The first corrupted wolf through the mist had too many eyes.
They weren't just extra eyes—they were wrong eyes, clusters of purple-tinged orbs that shifted and multiplied as I watched, each one reflecting the terror on our defenders' faces. Its body rippled like liquid shadow, muscles and bones rearranging themselves with each step. The beast's level indicator flickered so rapidly it became a blur of numbers, jumping from 5 to 50 to values that made my developer instincts scream.
"Hold the line!" I shouted, forcing strength into my voice despite the exhaustion weighing down every line of my code. The cobblestones beneath my feet hummed with residual power from my earlier modifications, but trying to tap into that energy felt like trying to squeeze water from a stone. "Ranged attackers, target the eyes! Melee, watch for—"
The wolf divided.
One moment there was a single horrifying beast, the next there were two slightly smaller versions, both just as wrong. The process looked like a video playing in reverse, the creature's mass splitting and regenerating in defiance of every rule we'd written into the game's physics engine.
"What the actual hell?" Marcus lowered his bow, his hands shaking despite his high-level gear and "Veteran" title badge. "That's not in any of the patch notes. That's not even possible with the current combat engine—"
"Shoot it!" I commanded, pushing against the system's dialogue constraints. "Shoot them both!"
"He's right!" Sarah, a newer player still wearing starter leather armor, nocked an arrow with trembling fingers. "We can't just stand here analyzing it!"
Arrows flew.

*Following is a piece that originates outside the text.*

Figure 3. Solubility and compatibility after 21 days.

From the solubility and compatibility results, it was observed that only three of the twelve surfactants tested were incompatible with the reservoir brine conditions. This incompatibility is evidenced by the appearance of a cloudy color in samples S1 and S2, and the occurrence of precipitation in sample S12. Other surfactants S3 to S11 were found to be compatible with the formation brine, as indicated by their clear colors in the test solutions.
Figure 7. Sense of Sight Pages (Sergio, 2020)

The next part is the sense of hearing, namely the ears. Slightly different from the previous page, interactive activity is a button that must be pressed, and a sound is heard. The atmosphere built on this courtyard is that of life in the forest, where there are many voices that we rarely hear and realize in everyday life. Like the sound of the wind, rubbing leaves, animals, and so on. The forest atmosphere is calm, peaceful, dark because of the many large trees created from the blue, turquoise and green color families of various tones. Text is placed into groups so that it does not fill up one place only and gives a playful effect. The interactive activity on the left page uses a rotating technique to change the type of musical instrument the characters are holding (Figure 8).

Most passed harmlessly through the creatures' shifting forms, but a few found their marks. Purple ichor sprayed from the wounds, each drop sizzling where it hit the cobblestones. The wolves howled—a sound that made several nearby NPCs freeze, their scripts struggling to process audio that shouldn't exist.

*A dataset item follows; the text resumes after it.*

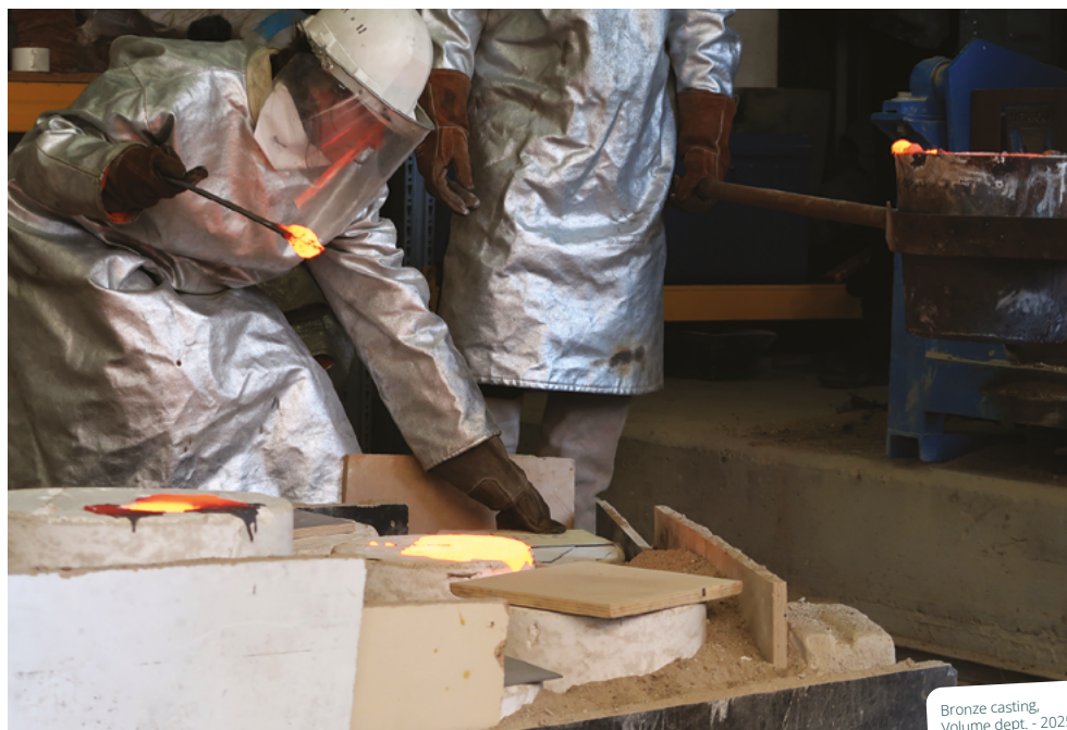
Bronze casting, volume dept. - 2025

"Fascinating," muttered Dev, his data-mining overlay visible in his character's gesture animations. "The corruption isn't just changing their models—it's rewriting their fundamental properties. Look at these value fluctuations!"
Warning: Multiple critical anomalies detected
Warning: Zone stability approaching critical threshold
Recommendation: Immediate zone reset
More shadows moved in the purple mist. Dozens of them. Hundreds. Each one twisted and wrong in its own unique way. Bears with too many limbs. Wolves with crystalline growths erupting from their fur. Things that might have once been deer, their elegant forms now corrupted into geometric impossibilities.
The village's hastily-constructed defenses suddenly felt paper-thin.
"Fall back to secondary positions!" I ordered, watching our first line of defenders retreat from the advancing horror show. The corrupted beasts moved with impossible coordination, testing our defenses like a single organism probing for weaknesses. "Maintain formation! Don't let them—"
A six-legged wolf leaped clean over our barricade, its form stretching like taffy mid-jump. It landed among a group of archers, its many eyes fixing on Sarah. Before anyone could react, it changed—its body condensing into a spring-loaded mass of muscle and bone.
Sarah screamed as corrupted teeth found her armor, but she didn't panic. Instead, she dropped a smoke bomb—a starter item most new players sold for quick gold. The wolf's attack patterns glitched in the smoke, giving Marcus and Dev time to pull her to safety.
I reached for my environmental controls, desperate to do something. The cobblestones responded sluggishly, barely rippling under my command. Not enough. Nowhere near enough. Somewhere in the back of my mind, I wondered if Miriam had faced similar limitations before she learned to scatter herself through the system's hidden paths.
"Kael!" A voice cut through the chaos—the baker, of all people. She stood at her designated position, corruption-resistance potions clutched in her arms. "The recipes! They're changing!"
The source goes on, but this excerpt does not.